Now, if they could just decide to get rid of _60 Minutes_!


----------



## sieglinde

Hey, that is about the only show I watch on CBS, certainly the only one on Sunday night.


----------



## Hercules67

I pad 60 minutes by an hour!


----------



## sieglinde

Lol!!!!


----------



## Bierboy

Hercules67 said:


> I pad 60 minutes by an hour!


Should be renamed "120 minutes"...


----------



## Hercules67

Bierboy said:


> Should be renamed "120 minutes"...


Precisely!

Took my 2 days to see it.....


----------



## bud8man

Probably easier to set a recording time and channel for CBS from the time the show you want is supposed to start until say 30 or 40 minutes after prime time. 11:40 PM or so on the east coast. I just gave up watching CSI Miami. It was easier and freed up more time on my TiVo. Otherwise I was forced to watch CSI Miami first to delete a two hour recording for a one hour show.


----------



## lpwcomp

bud8man said:


> Probably easier to set a recording time and channel for CBS from the time the show you want is supposed to start until say 30 or 40 minutes after prime time. 11:40 PM or so on the east coast. I just gave up watching CSI Miami. It was easier and freed up more time on my TiVo. Otherwise I was forced to watch CSI Miami first to delete a two hour recording for a one hour show.


Um, but if you do a block record you have to watch _*everything*_ in the block before you can delete it.


----------



## That Don Guy

There is a change for 2012 - the "late games" in an NFL Doubleheader now start at 4:25 Eastern instead of 4:15. CBS has not made any announcement that it will be modifying its schedule (say, by padding its football coverage until 8:00 like Fox does, then pre-empting _The Mentalist_ and showing everything else an hour late), so expect another year of having to guess when the Sunday shows begin in the Eastern and Central time zones.

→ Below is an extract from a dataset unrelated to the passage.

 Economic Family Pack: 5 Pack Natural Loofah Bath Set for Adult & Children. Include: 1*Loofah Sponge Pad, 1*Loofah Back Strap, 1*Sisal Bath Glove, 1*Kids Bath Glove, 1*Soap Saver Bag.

This affects the following Sundays on CBS:
September 16, 23
October 7, 21
November 4, 18
December 2, 16, 30

Note that this also increases the chance of Fox's Sunday schedule starting a few minutes late on Fox's doubleheader days (the Sundays that are not CBS doubleheader days, plus December 30). For those of us in the Mountain and Pacific time zones, remember that on Fox doubleheader days, The Cleveland Show (and whatever repeat Fox would air right before it) is pre-empted.


----------



## ronsch

And as Don mentioned, it's now The Mentalist in that 10:00 time slot so it becomes a little more important. I suspect I will simply pad The Mentalist by an hour.


----------



## 11274

That Don Guy said:


> This affects the following Sundays on CBS:
> September 16, 23
> October 7, 21
> November 4, 18
> December 2, 16, 30


What about the other Sundays? Is "60 Minutes" at 7PM safe on the other Sundays?


----------



## lpwcomp

It's best just to pad everything you are recording on Sunday night on CBS and FOX in order to ensure you get it all even if it is delayed by up to an hour. I wouldn't even bother just worrying about it on double-header Sundays as other sporting events (golf, tennis) can result in delays as well as the local team playing in the late game.


----------



## trainman

km said:


> What about the other Sundays? Is "60 Minutes" at 7PM safe on the other Sundays?

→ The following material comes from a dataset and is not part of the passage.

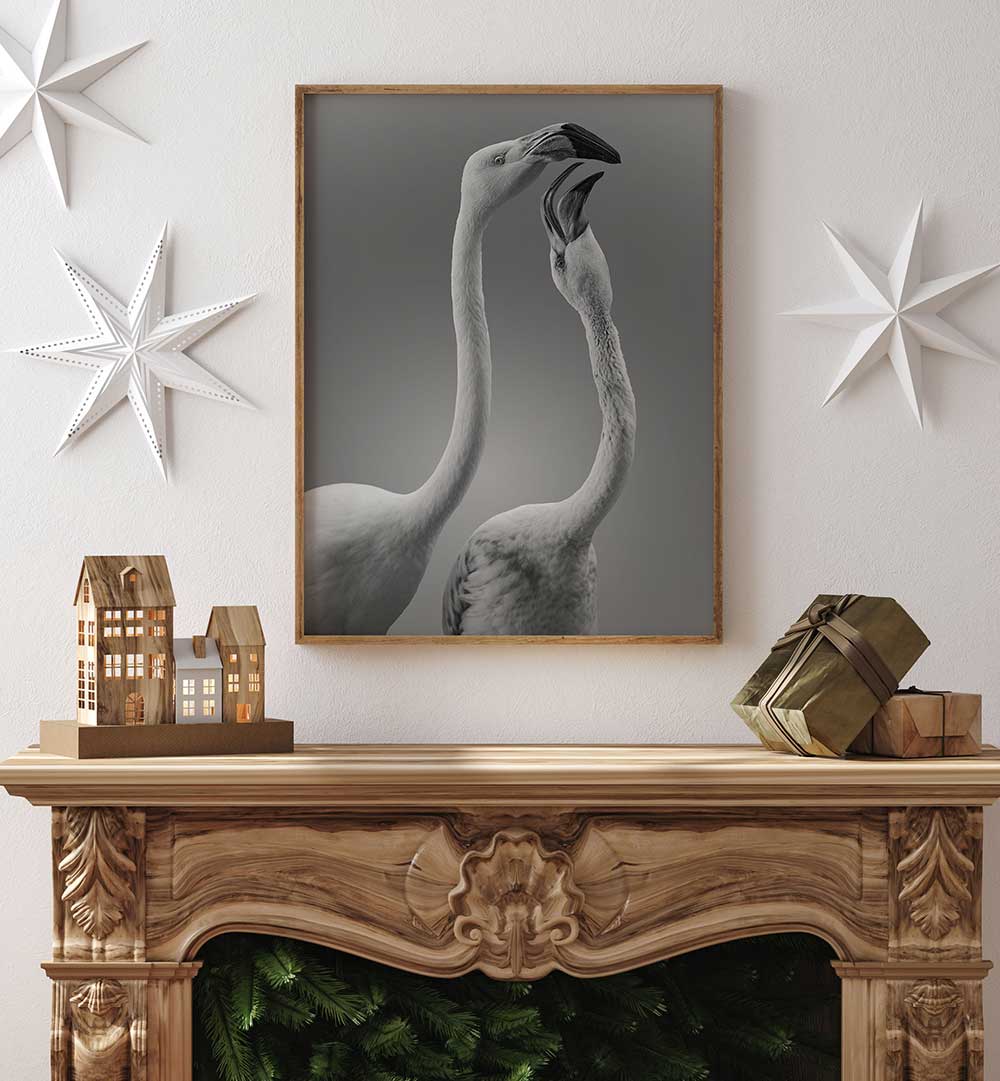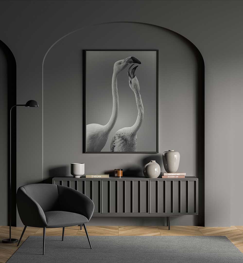 - Timeless Beauty: The intricate feathers of the flamingos are meticulously showcased in monochrome, lending a classic and sophisticated charm to your space.

It depends -- even in non-doubleheader weeks, some local markets will get a late game on CBS (the difference is that they get _only_ a late game). In fact, Atlanta has a better chance of that than some other markets, since your local team is NFC.

You won't necessarily know during the season until a few days in advance, when the schedules come out that show which affiliates are carrying which games.

The good news is that you're safe _this_ Sunday -- the CBS affiliate in Atlanta is carrying their single game at 1:00.


----------



## lpwcomp

trainman said:


> It depends -- even in non-doubleheader weeks, some local markets will get a late game on CBS (the difference is that they get _only_ a late game). In fact, Atlanta has a better chance of that than some other markets, since your local team is NFC.


CBS is AFC.


----------



## mattack

BTW, 60 minutes is available as an audio podcast, so you can at least hear it there if you miss it.


----------



## That Don Guy

trainman said:


> It depends -- even in non-doubleheader weeks, some local markets will get a late game on CBS (the difference is that they get _only_ a late game). In fact, Atlanta has a better chance of that than some other markets, since your local team is NFC.
> 
> You won't necessarily know during the season until a few days in advance, when the schedules come out that show which affiliates are carrying which games.
> 
> The good news is that you're safe _this_ Sunday -- the CBS affiliate in Atlanta is carrying their single game at 1:00.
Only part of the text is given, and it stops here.